= Timeline of telescope technology =

The following timeline lists the significant events in the invention and development of the telescope.

==BC==

===2560 BC to 1 BC===
- c.2560 BC–c.860 BC — Egyptian artisans polish rock crystal, semi-precious stones, and latterly glass to produce facsimile eyes for statuary and mummy cases. The intent appears to be to produce an optical illusion.
- 424 BC Aristophanes "lens" is a glass globe filled with water.(Seneca says that it can be used to read letters no matter how small or dim)
- 3rd century BC Euclid is the first to study reflection and refraction using mathematical theorems based on the fact that light travels in straight lines

==AD==

===1 AD to 999 AD===
- 2nd century AD — Ptolemy (in his work Optics) wrote about the properties of light including: reflection, refraction, and colour.
- 984 — Ibn Sahl completes a treatise On Burning Mirrors and Lenses, describing plano-convex and biconvex lenses, and parabolic and ellipsoidal mirrors.

===1000 AD to 1999 AD===
- 1011–1021 — Ibn al-Haytham (also known as Alhacen or Alhazen) writes the Kitab al-Manazir (Book of Optics)
- 1230–1235 — Robert Grosseteste describes the use of 'optics' to "...make small things placed at a distance appear any size we want, so that it may be possible for us to read the smallest letters at incredible distances..." ("Haec namque pars Perspectivae perfecte cognita ostendit nobis modum, quo res longissime distantes faciamus apparere propinquissime positas et quo res magnas propinquas faciamus apparere brevissimas et quo res longe positas parvas faciamus apparere quantum volumus magnas, ita ut possible sit nobis ex incredibili distantia litteras minimas legere, aut arenam, aut granum, aut gramina, aut quaevis minuta numerare.") in his work De Iride.
- 1266 — Roger Bacon mentions the magnifying properties of transparent objects in his treatise Opus Majus.
- 1270 (approx) — Witelo writes Perspectiva — "Optics" incorporating much of Kitab al-Manazir.
- 1285–1300 spectacles are invented.
- 1570 — The writings of Thomas Digges describes how his father, English mathematician and surveyor Leonard Digges (1520–1559), made use of a "proportional Glass" to view distant objects and people.
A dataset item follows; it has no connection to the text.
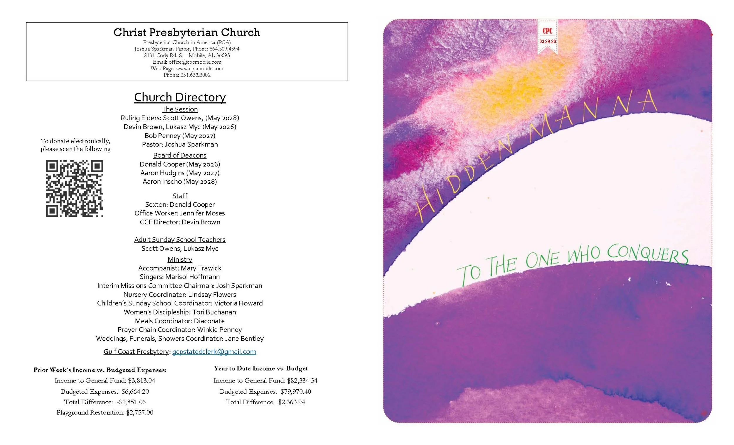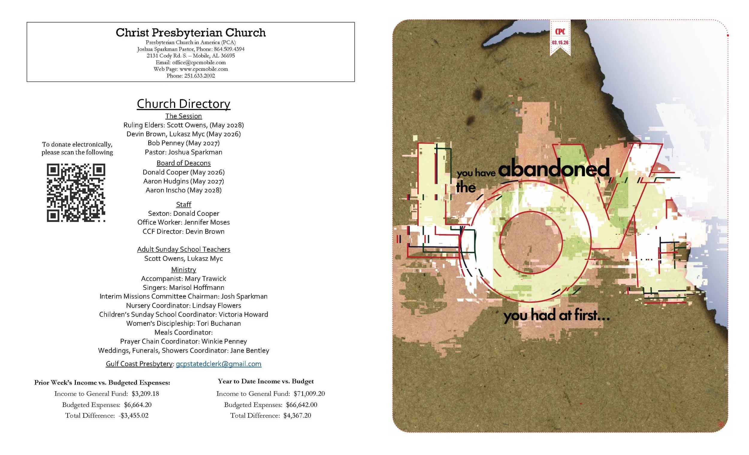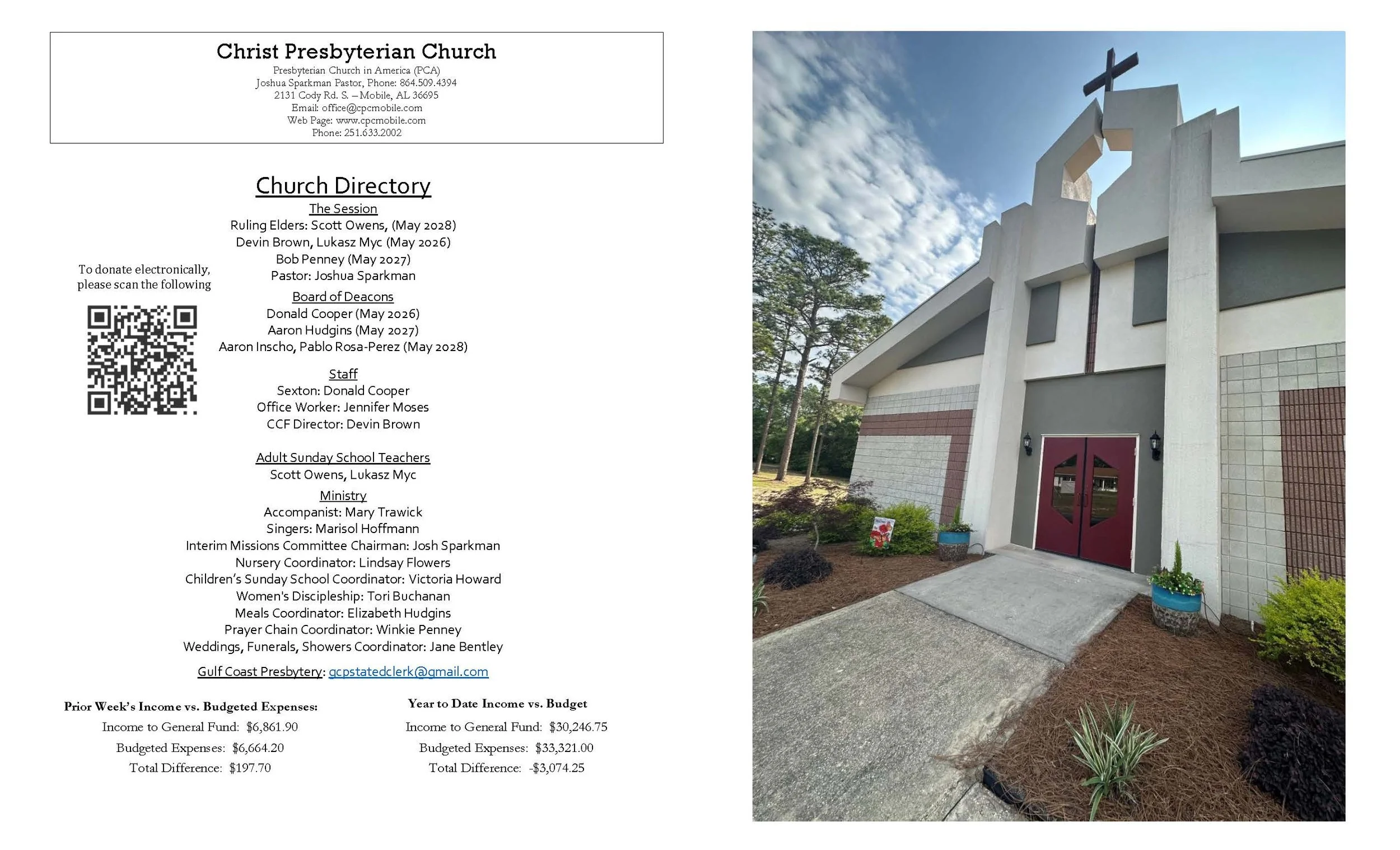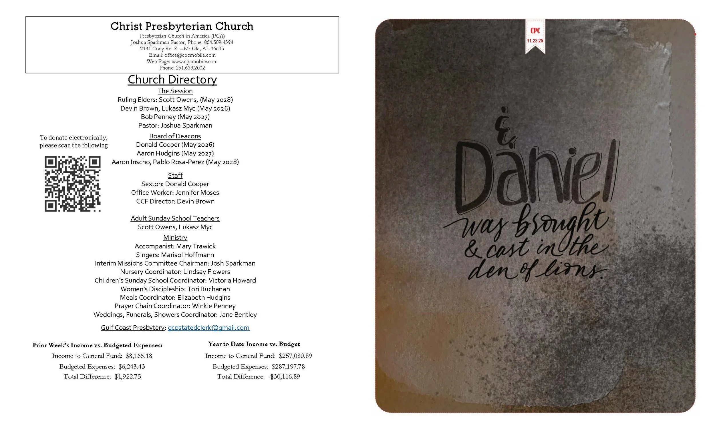 Christ Presbyterian Church is a ministry according to the Reformed Faith in West Mobile. We are a congregation of the Presbyterian Church in America, the largest conservative Reformed and Presbyterian denomination in the country. We believe that we exist for the glory of God and that glorifying God involves serving and loving peoples from all walks of life as we share the message of salvation through Jesus Christ. Missions and outreach are a vital part of the life of Christ Presbyterian Church.

Some, such as the historian Colin Ronan, claim this describes a reflecting or refracting telescope built between 1540 and 1559 but its vague description and claimed performance makes it dubious.
- 1586 Giambattista della Porta writes "...to make glasses that can recognize a man several miles away" It is unclear whether he is describing a telescope or corrective glasses.
- 1608 — Hans Lippershey, a Dutch lensmaker, applies for a patent for a perspective glass "for seeing things far away as if they were nearby", the first recorded design for what will later be called a telescope. His patent beats fellow Dutch instrument-maker's Jacob Metius's patent by a few weeks. A claim will be made 37 years later by another Dutch spectacle-maker that his father, Zacharias Janssen, invented the telescope.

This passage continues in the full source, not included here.